Additional information
- Announced: October 1, 2005, by Gordon B. Hinckley
- Groundbreaking: December 16, 2006, by Gordon B. Hinckley
- Open house: June 1, 2009 to August 1, 2009
- Current president: Michael C. Cannon
- Designed by: Naylor Wentworth
- Location: South Jordan, Utah, United States
- Coordinates: 40°33′4.121999″N 111°59′15.03600″W﻿ / ﻿40.55114499972°N 111.9875100000°W
- Exterior finish: Light beige granite
- Baptistries: 1
- Ordinance rooms: 4 (two-stage progressive)
- Sealing rooms: 6
- Notes: 13th temple in Utah and 130th temple of the Church.
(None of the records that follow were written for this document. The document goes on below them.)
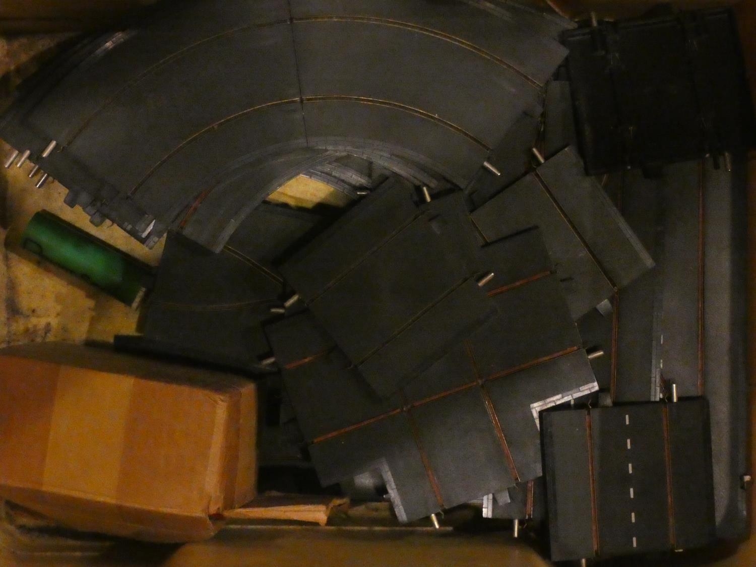 A boxed 'Super Mini Cine' & slides together with Minic racing track with cars, board games and books.
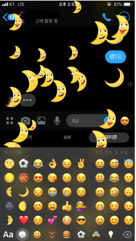페북 메신저 이모티콘 탭에 보면 많은 이모티콘이 보이는데 이중 [민무늬초승달] 을 찾아 줍니다.
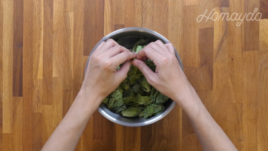 椰菜苗加入清水洗淨然後浸泡
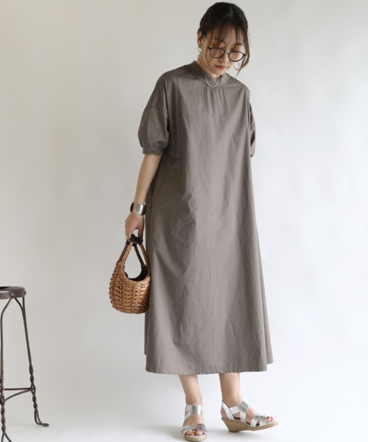 キーワード:ワンピース フレア ロング 半袖 無地
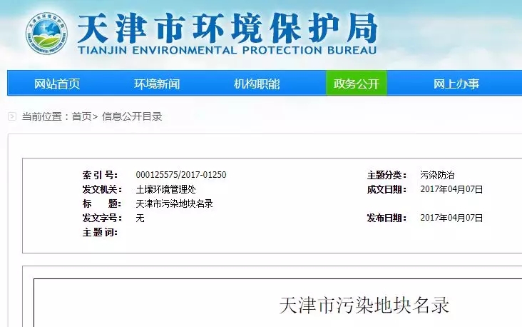 2017年4月7日天津市環(huán)境保護局 公布了《天津市污染地塊名錄》, 共有22塊污染地塊。
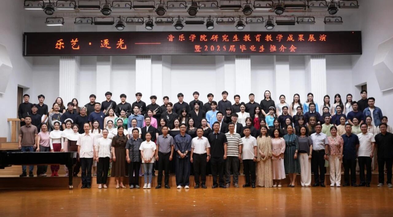 典礼结束后,上午 10 时,《乐艺・逐光 — 365英国上市公司研究生教育教学成果展演暨 2025 届毕业生推介会》准时启幕。开封市文联副主席王胜芬、开封市音乐舞蹈家协会秘书长郭昕、副主席时明、副主席朱江、开封市戏剧家协会副主席马俊峰、河南大学研究生院副院长王中华、副院长李志芳、研究生工作部副部长吴坤、365英国上市公司党委书记王志国、院长王思琦及以及365英国上市公司班子成员及导师代表共同观看了演出。
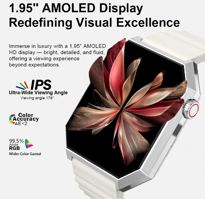 Urządzenie wyposażono w 1,95-calowy ekran AMOLED o rozdzielczości 460×460 pikseli, z pokryciem 99,5% palety Adobe RGB. Moim zdaniem ten podzespół wybija się przed szereg. Nie tylko w samej specyfikacji, ale także w porównaniu do innych modeli za około 100 złotych.
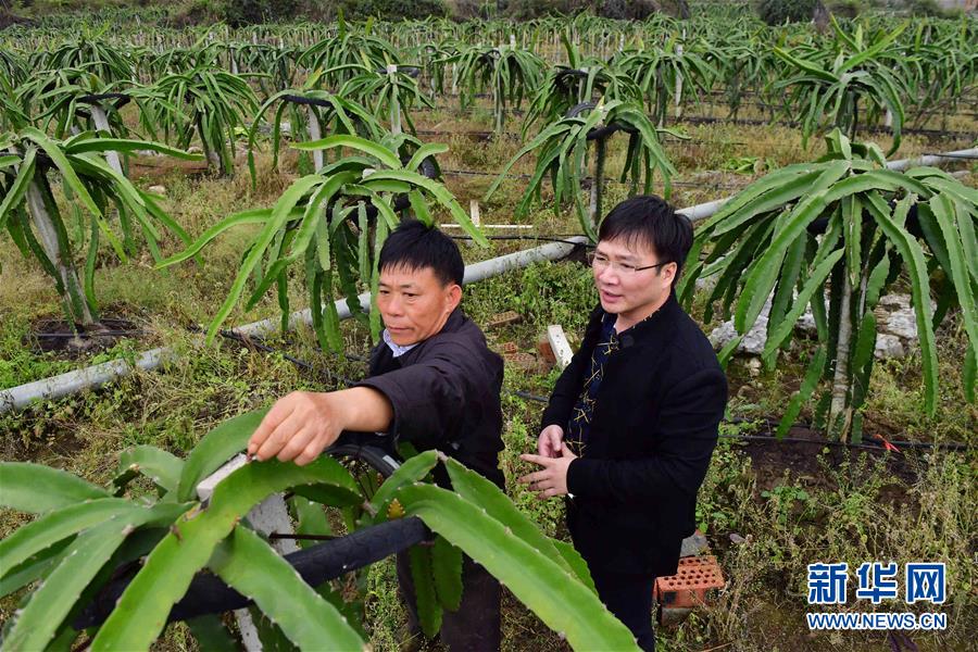 在广西百色市田东县思林镇真良村,80后青年党员梁青松(右)和60后的“脱贫户”梁日础在火龙果基地查看火龙果的长势(2017年3月11日摄)。 新华社记者 黄孝邦 摄
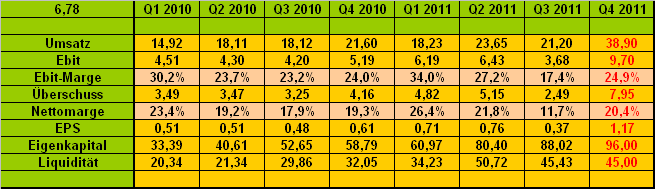 wenn sie bezahlt wird :-) aber mal im Ernst, der Vorstand hat ganz klar gesagt, dass er zwischen 20-40% Ausschütten will und 3 sehr erfolgreiche Quartale haben wir schon, von daher wird das schon. Es sollten rund 25 Mio Net profit sein geteilt durch 15 mio Aktien macht 1,66 EPS 30% davon macht knapp 60 Cent. Die Deutsche Bank rechnet mit 0,69 Euro für 2011 1,0 für 2012 und für 2013 bereits 1,33, sollte das wirklich eintreffen wäre das für 2013 bereits jetzt eine Rendite von über 15% ob das dann so kommt werden wir sehen. Ich denke aber nicht dass der CEO so Dumm ist tolle Versprechungen macht und selber Aktien kauft wie verrückt und dann nicht ausschüttet, dann wäre der Kurs der Aktie auf Dauer im A**** und so blöd wird er schon net sein. Aber die Entscheidung muss jeder selber treffen, ich habe mich dafür entscheiden, weil ich denke sie wird Kinghero nachlaufen, zudem ist Powernd bereits im Primestandard. Sollte das mit der Dividende von 1,33 wirklich kommen für 2013 dann wird der Kurs jenseits der 20 sein, das steht fest, das wäre vom aktuellen Niveau aus eine 3X und dann noch Divi.. das wäre ne Megaanlage.

= Oquirrh Mountain Utah Temple =

Latter-day Saints temple in South Jordan, Utah, United States

The Oquirrh Mountain Utah Temple /ˈoʊkər/ is a temple of the Church of Jesus Christ of Latter-day Saints located in South Jordan, Utah, a suburb of Salt Lake City. The intent to build the temple was announced on October 1, 2005, by church president Gordon B. Hinckley, during general conference. South Jordan was the world's first city with two church temples (with the Jordan River Temple). The temple was the fourth in the Salt Lake Valley and the 13th in Utah.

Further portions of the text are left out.